Tech Talk: Bank attacks, mobile tools, call center fraud, and more!
- North Korean attacks on banks
- Fed's fraud working groups established
- Worldpay merger and a tech partnership
- Cross-platform core banking solution
- Mobile tools for community banks
- Criminals targeting financial call centers
- Malicious threats from within
- A risk-based authentication solution
- Banks considering digital currency
- Spam, Scams & Breaches
- Updates, Patches & Alerts
- and on the lighter side...
North Korean attacks on banks
According to a new report released by a panel of UN security experts, North Korea is evading international sanctions by launching cyberattacks to illegally force the transfer of funds from financial institutions and cryptocurrency exchanges. To help stop North Korea's actions and attempts to avoid sanctions, the panel included several recommendations in their report, including advising member states to share information about North Korea's capabilities with banks and other financial institutions. Finextra has the details.
Fed's fraud working groups established
In an effort to enhance the quality and consistency of ACH, wire, and check fraud data and improve the U.S. payment system, the Federal Reserve has established fraud working groups. Members of the Fed's Fraud Definitions Work Group that will work collaboratively with Fed leaders to examine existing payments fraud definitions and formulate recommendations for improving the payment system have been announced. Participants of the Fed's Fraud Definitions Community Interest Group will provide input and follow the efforts of the working group. ATM Marketplace has the details.
Worldpay merger and a tech partnership
In line with the "if you can't beat 'em, join 'em" philosophy, merger is becoming a strategic move in the payments industry game. Bank software and payment technology provider FIS has announced their acquisition of payments company Worldpay at the hefty price tag of $35 billion, reports Forbes. In a separate deal, Worldpay has partnered with tech giant Amazon to enable Amazon Pay as a checkout option for its merchants in the U.S. Finextra has the details.
Cross-platform core banking solution
One of the growing operational challenges facing banks today is the use of outdated, core legacy technology that inhibits their ability to offer more innovative products and services. To help financial institutions facilitate transactions across multiple channels and provide a unified view of accountholder information, information and technology solutions provider VSoft has launched a cross-platform core processing system built on advanced browser-based technologies.

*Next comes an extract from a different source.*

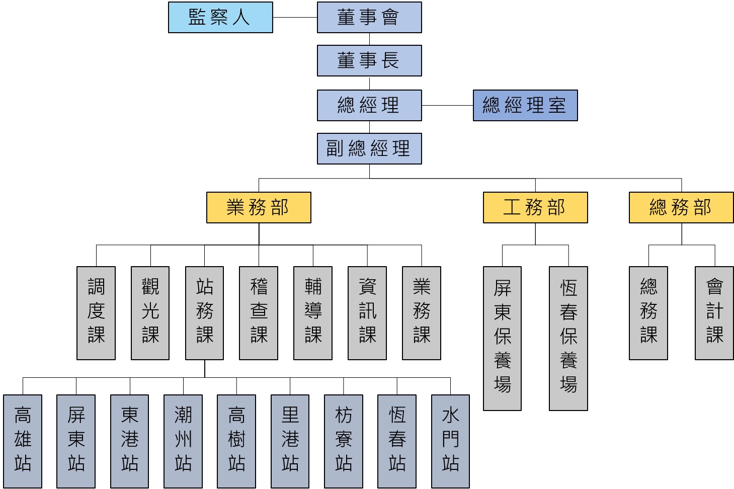 本公司管理部門設置業務、工務、總務三部,以下分9課辦理各項行政業務,營運區域設置車站9處,兼轄保養場2處,

The Wings platform provides real-time, high-volume transactions across multiple channels and features customizable business rules and thresholds for configuring and launching new products quickly, reports ATM Marketplace.
Mobile tools for community banks
To help level the playing field for smaller banks struggling to compete against the bigger bank players in the digital banking game, fintech firm Urban FT Group has partnered with ICBA Bancard to launch mobile banking tools for community banks. The Community Access program features financial tools that include program setup and compliance, card issuance and fulfillment, instant account opening, and cardholder support. Banking Technology has the details.
Criminals targeting financial call centers
With the widespread adoption of digital banking channels, customers rely on call centers when they need help navigating online banking, mobile banking apps, and P2P (person-to-person) payments. A new report on the state of call center authentication released by TRUSTID found that financial services call centers have become the top vector of choice for criminal attacks. As criminals continuously up their game to penetrate call center security, banks need to arm their call centers with defensive measures to authenticate customers and mitigate fraud. Business Wire has the details and a link to the full report.
Malicious threats from within
Careless workers, disgruntled employees, malicious insiders, and irresponsible third parties pose the greatest risk to organizations from the insider. According to the 2019 Verizon Insider Threat Report, 20 percent of all cybersecurity incidents and 15 percent of data breaches in 2018 were caused by employees or partner organizations. Financial gain is one of the primary motivators in most cases involving insider fraud, while some malicious players do it just for fun or as an act of espionage. Threatpost has the details.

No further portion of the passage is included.